───── Records for this exercise

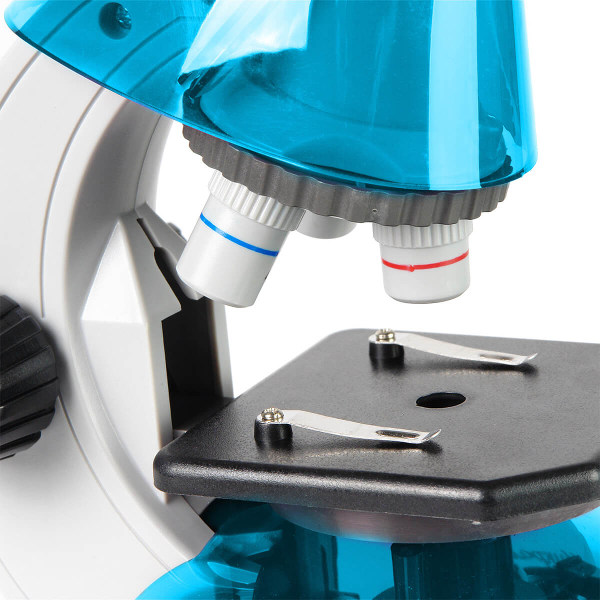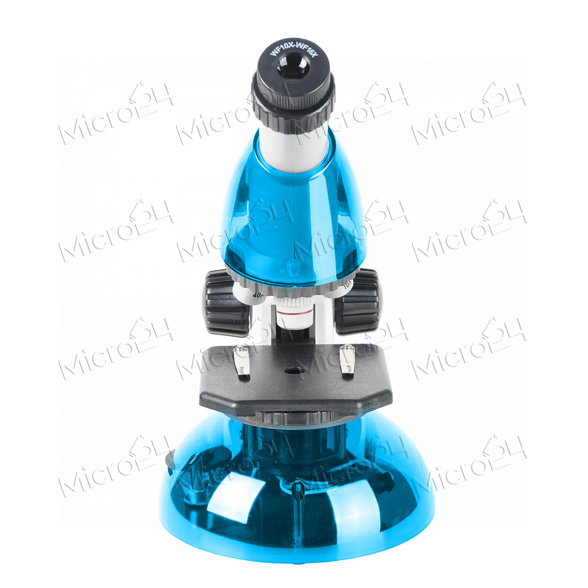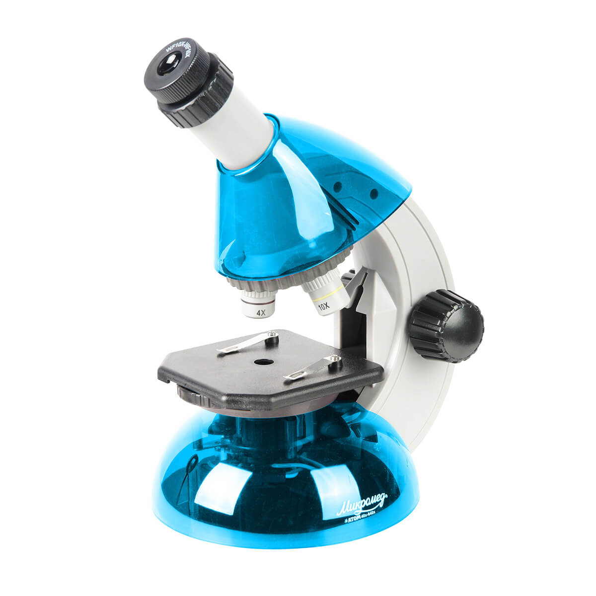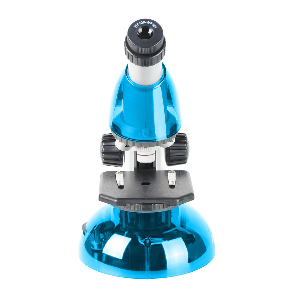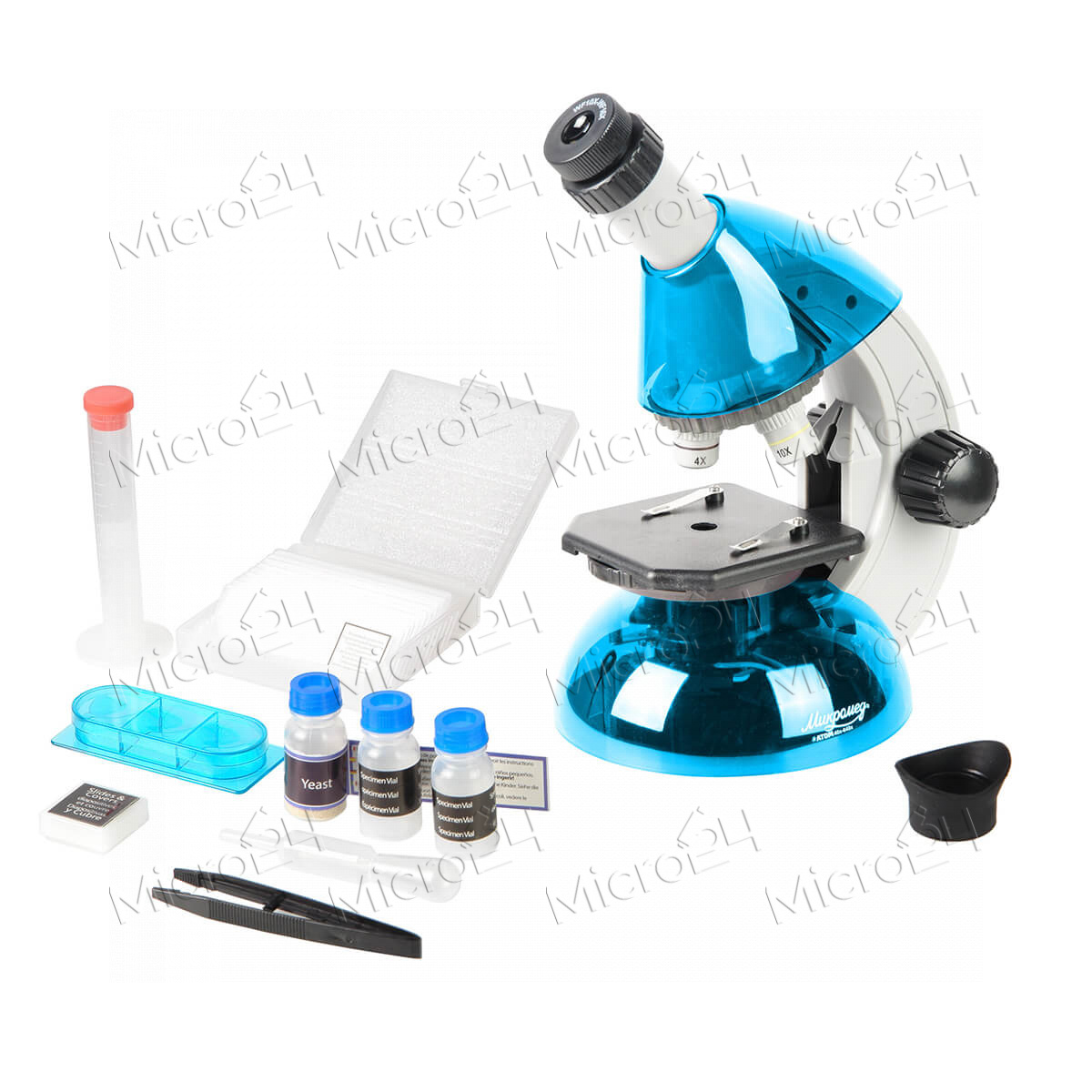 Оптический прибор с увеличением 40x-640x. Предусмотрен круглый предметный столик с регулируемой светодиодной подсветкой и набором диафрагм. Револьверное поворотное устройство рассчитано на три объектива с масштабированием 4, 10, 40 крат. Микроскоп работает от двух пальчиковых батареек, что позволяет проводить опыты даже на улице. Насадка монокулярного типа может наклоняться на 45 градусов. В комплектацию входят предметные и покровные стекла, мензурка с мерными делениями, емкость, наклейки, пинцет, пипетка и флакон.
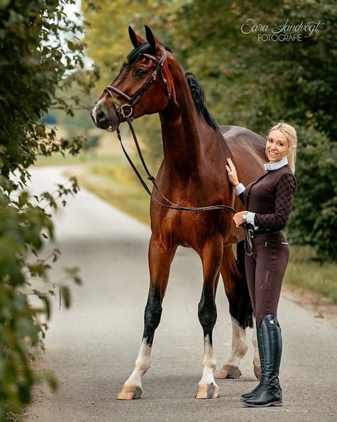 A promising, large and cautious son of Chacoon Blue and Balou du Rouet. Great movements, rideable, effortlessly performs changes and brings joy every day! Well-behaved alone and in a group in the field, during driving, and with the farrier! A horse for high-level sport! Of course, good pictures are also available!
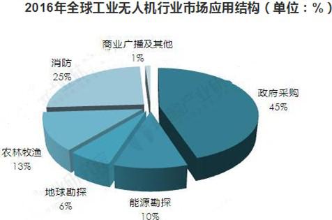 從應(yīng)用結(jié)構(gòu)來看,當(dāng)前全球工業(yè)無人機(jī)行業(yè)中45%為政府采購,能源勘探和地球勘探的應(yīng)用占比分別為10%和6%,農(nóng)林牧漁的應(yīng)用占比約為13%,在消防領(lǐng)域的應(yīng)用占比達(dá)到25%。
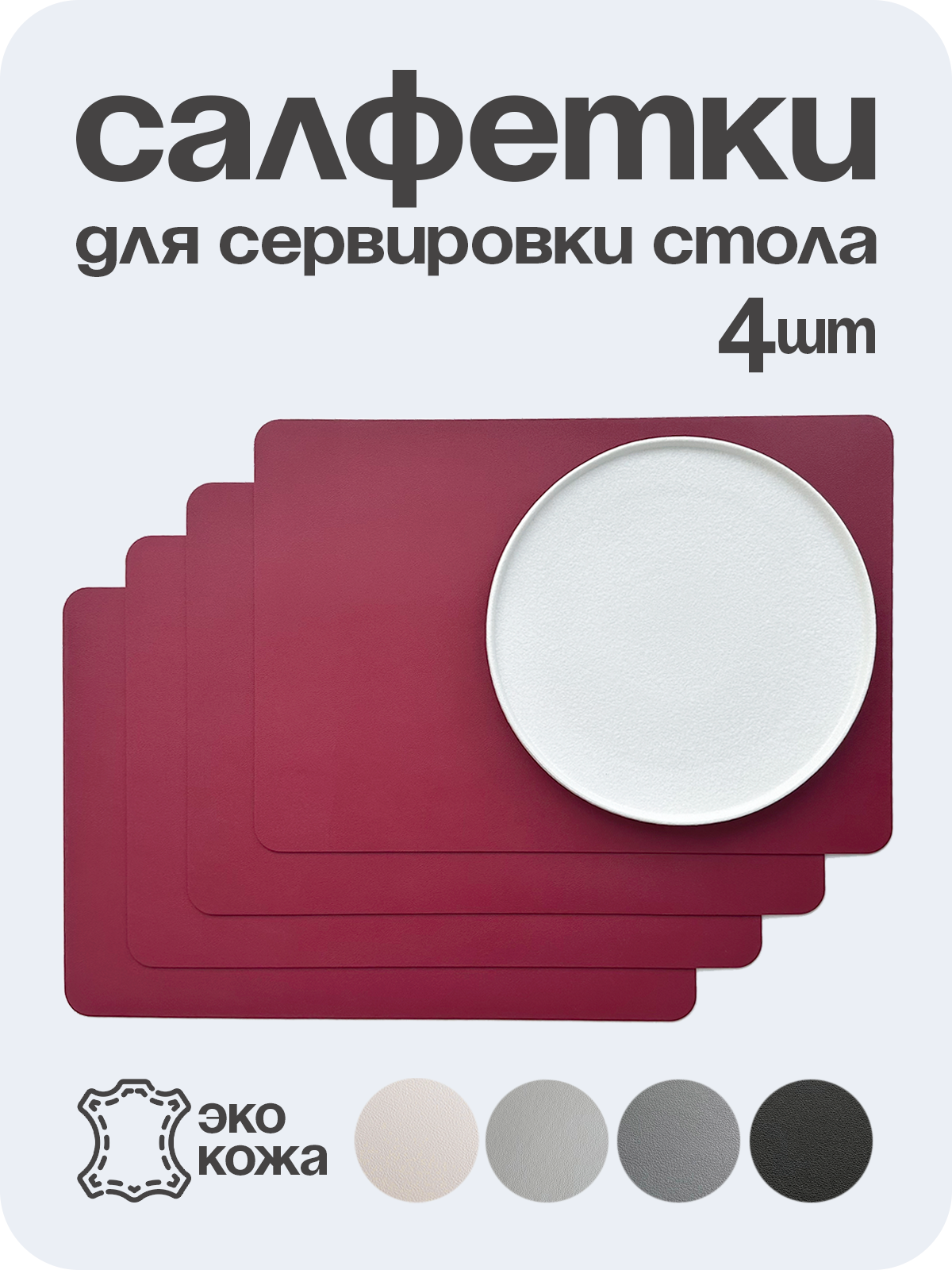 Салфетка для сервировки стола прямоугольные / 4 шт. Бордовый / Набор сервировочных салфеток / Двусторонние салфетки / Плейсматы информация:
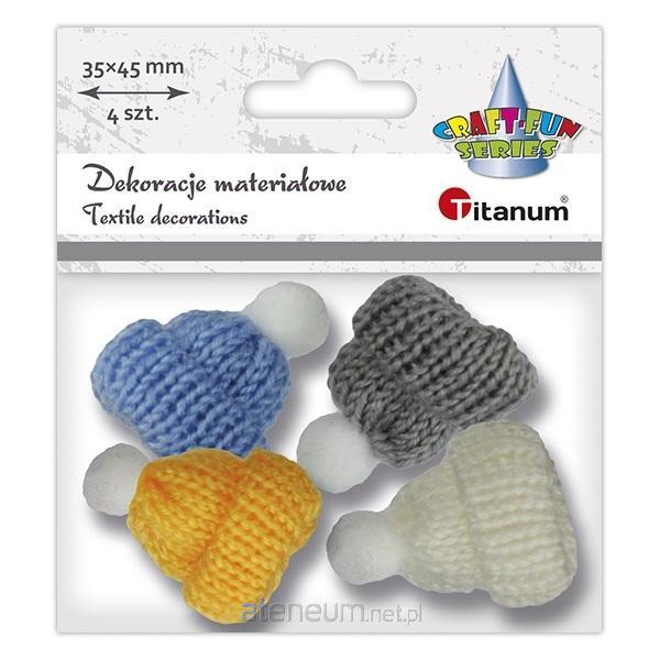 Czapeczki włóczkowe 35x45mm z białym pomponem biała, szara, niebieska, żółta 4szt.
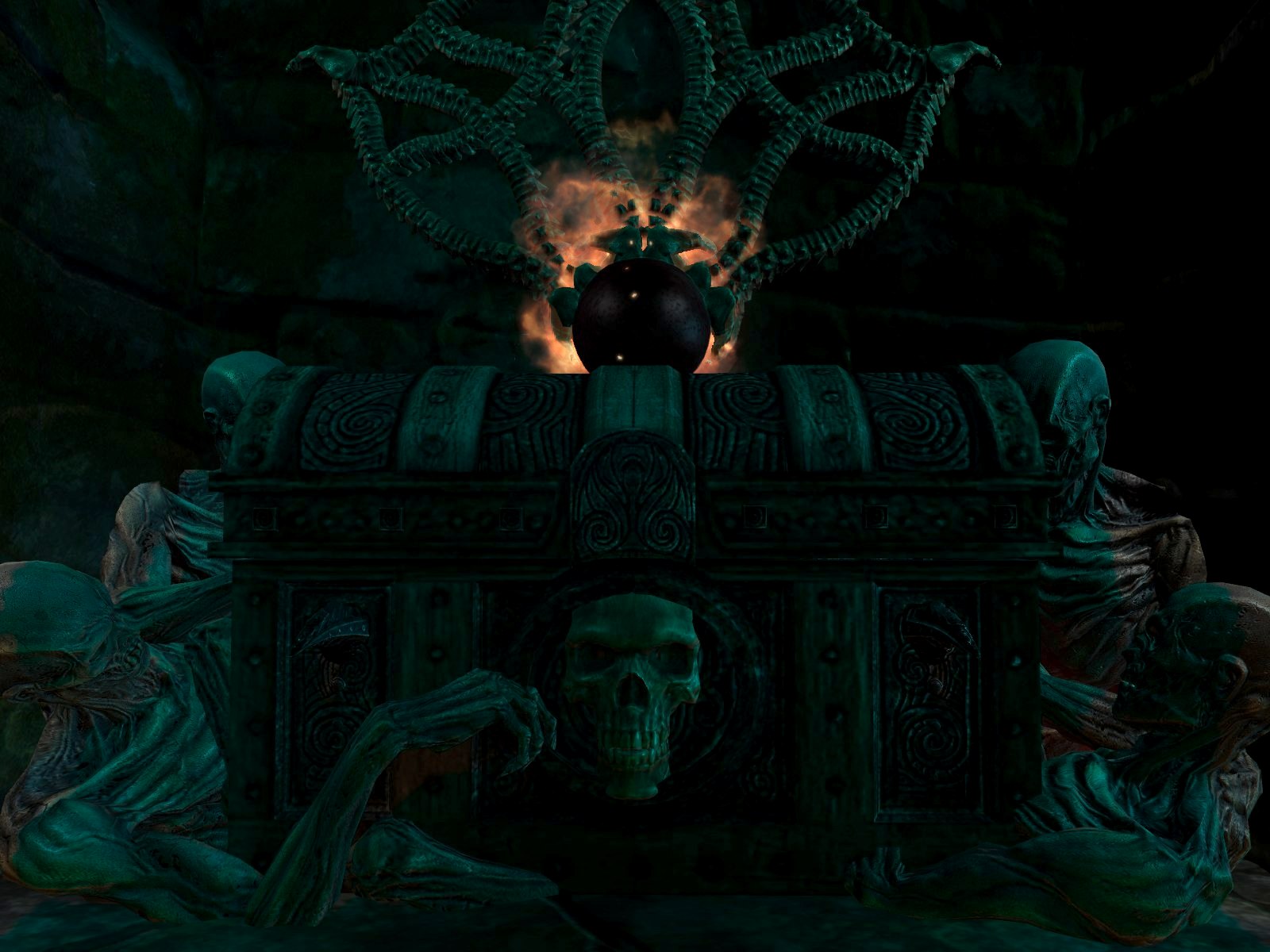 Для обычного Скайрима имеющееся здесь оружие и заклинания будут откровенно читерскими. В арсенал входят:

──────────

→ **Your goal**
Set the pictures aside and retype exactly the lines above from the line with "A promising, large" to the line with "從應(yīng)用結(jié", both included, adding no others.

→ **Solved exercise**
 A promising, large and cautious son of Chacoon Blue and Balou du Rouet. Great movements, rideable, effortlessly performs changes and brings joy every day! Well-behaved alone and in a group in the field, during driving, and with the farrier! A horse for high-level sport! Of course, good pictures are also available!
 從應(yīng)用結(jié)構(gòu)來看,當(dāng)前全球工業(yè)無人機(jī)行業(yè)中45%為政府采購,能源勘探和地球勘探的應(yīng)用占比分別為10%和6%,農(nóng)林牧漁的應(yīng)用占比約為13%,在消防領(lǐng)域的應(yīng)用占比達(dá)到25%。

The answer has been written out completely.